Amid what it called “major operational improvements,” Carrington has introduced “dramatic pricing improvements” across its Non-QM programs, as of June 25, 2025.
“Our recent pricing improvements, along with some operational adjustments, means more and more brokers are giving us the first look for their Non-QM loans,” stated Jeff Massotti, vice president of national sales, TPO, for Carrington Mortgage Services, in a release.
Also among the updates, Carrington said that for the first time, it can accept debt service coverage ratio (DSCR) loans in Massachusetts.
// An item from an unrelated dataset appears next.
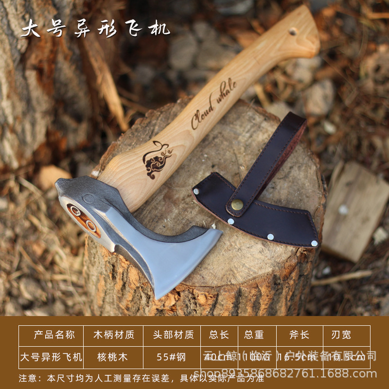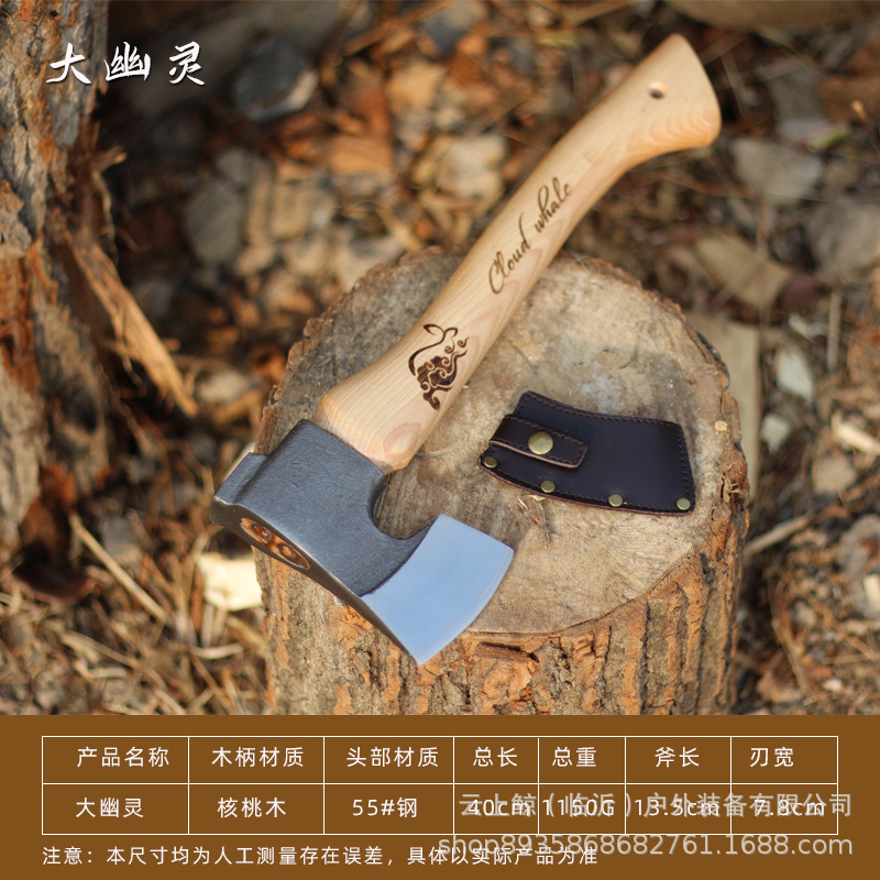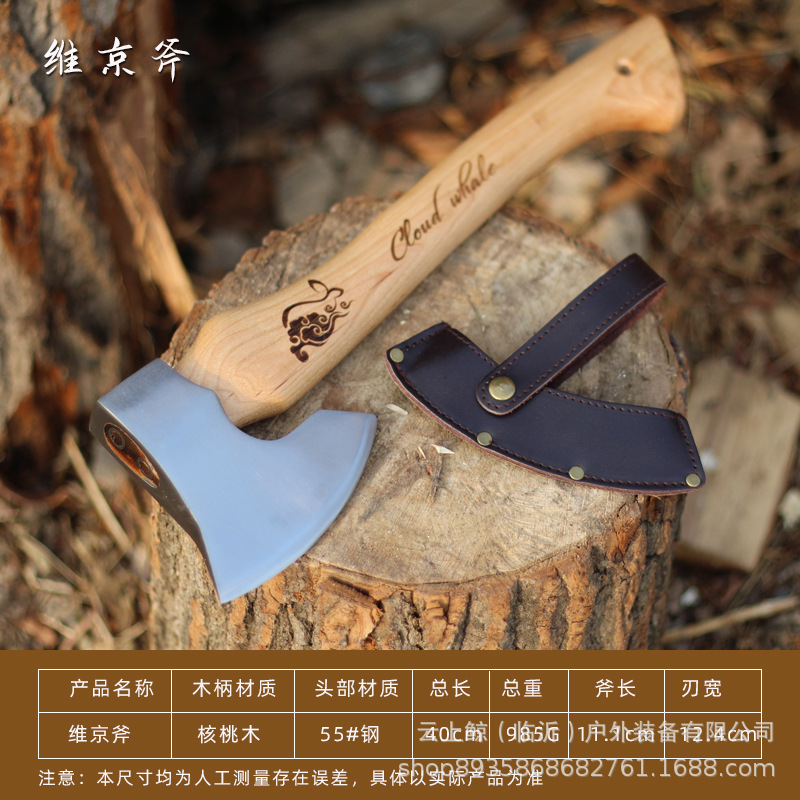 • 바이킹 도끼 - 잘게 다듬은 호두나무 33CM [가죽 케이스 포함]

Carrington can now accept DSCR loans in more than 35 states that do not require a license for that type of loan.
This lets Carrington work with companies such as small balance commercial brokers that typically are not NMLS licensed.
“We feel these updates will allow us to better serve the broker community while providing the high level of service our customers have come to rely on,” Massotti noted.
Carrington’s primary businesses include asset management, mortgages, and real estate transactions. Carrington Holding Company, LLC is headquartered in Aliso Viejo, Calif., while its subsidiary, Carrington Mortgage Services, is based in Anaheim, Calif.